As shown in the sequence diagram, the example workflow may begin with the client 610 requesting (650) a token and a rate from the server 620. The server 620 may be an authorization server and the token may be an access credential (e.g., a data fragment as described above). The rate requested may be a rate at which (if approved) an API can be called from the resource provider 630 by the client 610. The request from the client 610 to the server 620 may also include a unit of time for a denominator (e.g., one minute) of the rate (which may be applied to API calls requested by the client 610 and which may be referred to as the rate period). For example, the client 610 may request to make “10,000” API calls per minute from the resource provider 630. The request from the client 610 to the server 620 may also include a requested scope for which the rate will be applied to API calls requested by the client 610. For example, the client 610 may request a user-level scope, an application-level scope, and/or a token-level scope for which the rate will be applied. The user-level scope for the rate may allow the client 610 to make, for example, “10,000” API calls per minute from the resource provider 630 for each user of an application for which the client 610 has requested the rate. The application-level scope for the rate may allow the client 610 to make, for example, “10,000” API calls per minute from the resource provider 630 for the entire application (e.g., across all users) for which the client 610 has requested the rate (instead of “10,000” API calls per minute for each user of the application). The token-level scope for the rate may allow the client 610 to make, for example, “10,000” API calls from the resource provider 630 with a token issued to the client 610 (e.g., until the token expires).

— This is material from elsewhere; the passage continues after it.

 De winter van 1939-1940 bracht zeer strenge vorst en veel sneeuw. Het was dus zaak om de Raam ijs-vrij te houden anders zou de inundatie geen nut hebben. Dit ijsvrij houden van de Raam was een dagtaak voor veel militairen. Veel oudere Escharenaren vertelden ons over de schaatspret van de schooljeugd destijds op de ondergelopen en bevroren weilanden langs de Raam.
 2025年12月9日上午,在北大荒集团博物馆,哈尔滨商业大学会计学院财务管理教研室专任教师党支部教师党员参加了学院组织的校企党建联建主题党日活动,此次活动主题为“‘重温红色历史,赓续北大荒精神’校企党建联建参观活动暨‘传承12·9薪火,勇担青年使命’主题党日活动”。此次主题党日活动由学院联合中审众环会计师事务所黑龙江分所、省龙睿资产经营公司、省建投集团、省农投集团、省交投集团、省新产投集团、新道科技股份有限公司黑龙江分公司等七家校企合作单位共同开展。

Further, the server 620 may accept and configure (652) the rate requested from the client 610 with the resource provider 630. The server 620 may perform operations or cause operations to be performed with the resource provider 630 (which may include one or more servers that provide the resources that will be requested by the client 610 via API calls) to enable the resource provider 630 to handle API calls at the rate, period, and/or scope requested by the client 610. For example, the server 620 may be a token server or may include a token service which may call a configuration API on the resource provider 630 or on an API Gateway that may protect the resource provider 630. In some embodiments, the token service may issue a configuration event which may be subscribed to by the resource provider 630 or the API Gateway.

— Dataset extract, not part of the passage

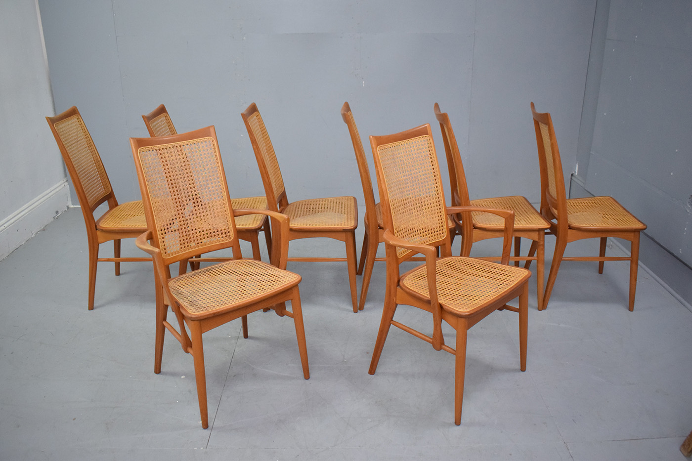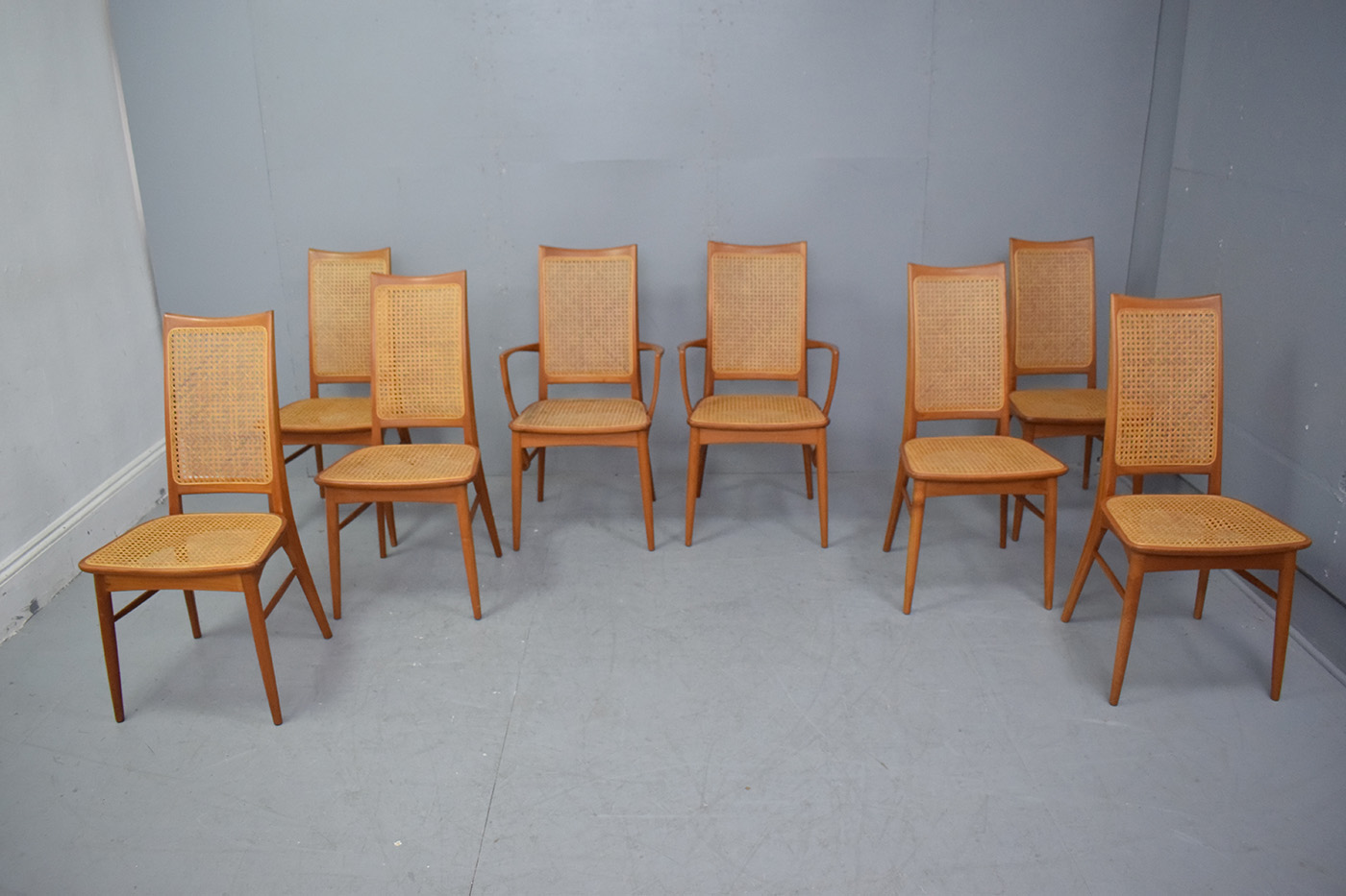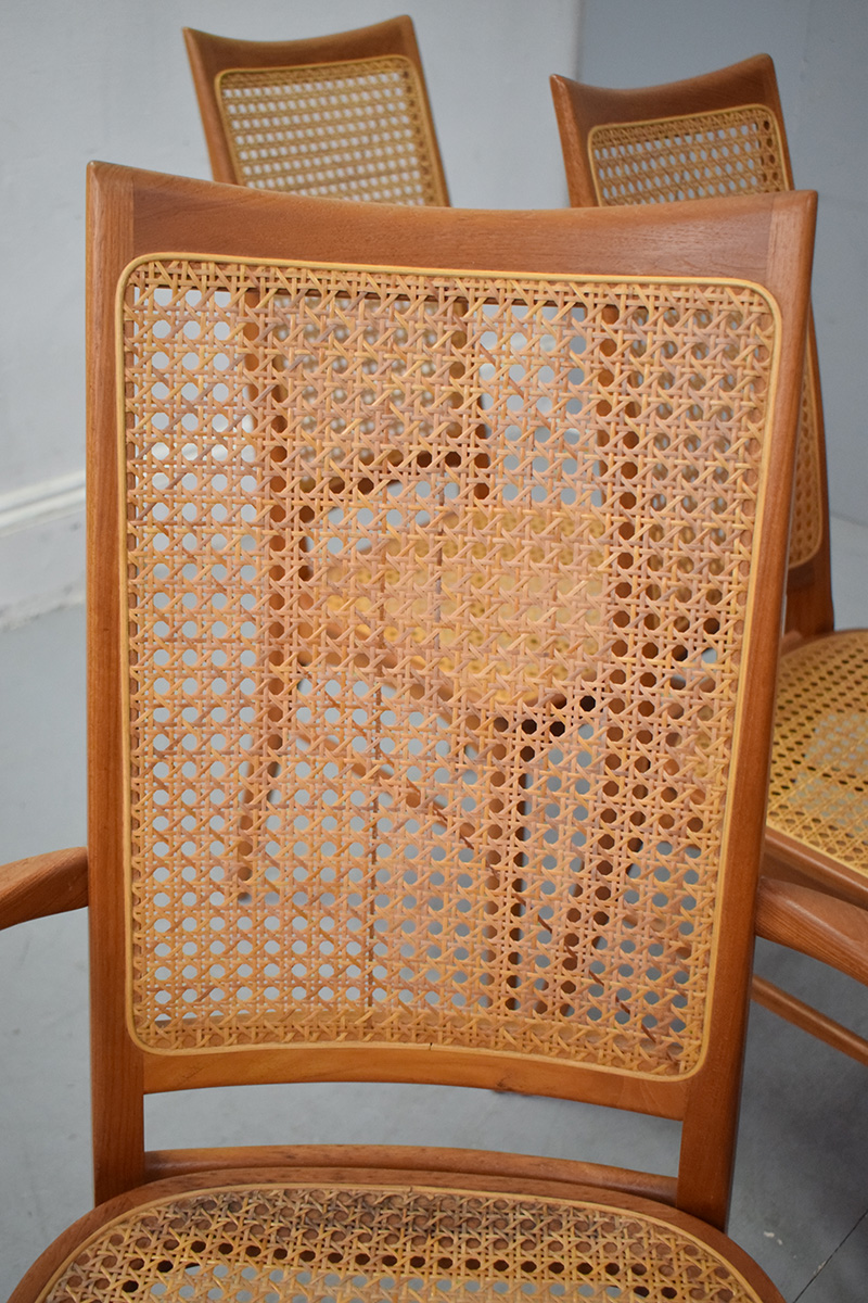 The chair was available with full cane or seat upholstered. This set of chairs have the cane seat but the cane has got broken in a few places across all the seats.

The server 620 may alternatively deny the rate, period, and/or scope requested by the client 610. For example, the server 620 may deny the requested rate of “10,000” API calls per minute (e.g., with user-level or app-level scope) by the client 610 and may send a message to the client 610 to change the rate requested to “5,000” API calls per minute, or to make another request with a different or lower rate. The client 610 may accept the rate of “5,000” API calls per minute or may request a different rate (e.g., “7,500” API calls per minute), which the server 620 may either accept or deny. In this way, the client 610 and the server 620 may dynamically negotiate the rate at which API calls may be made by the client 610 to the resource provider 630 through an automated process.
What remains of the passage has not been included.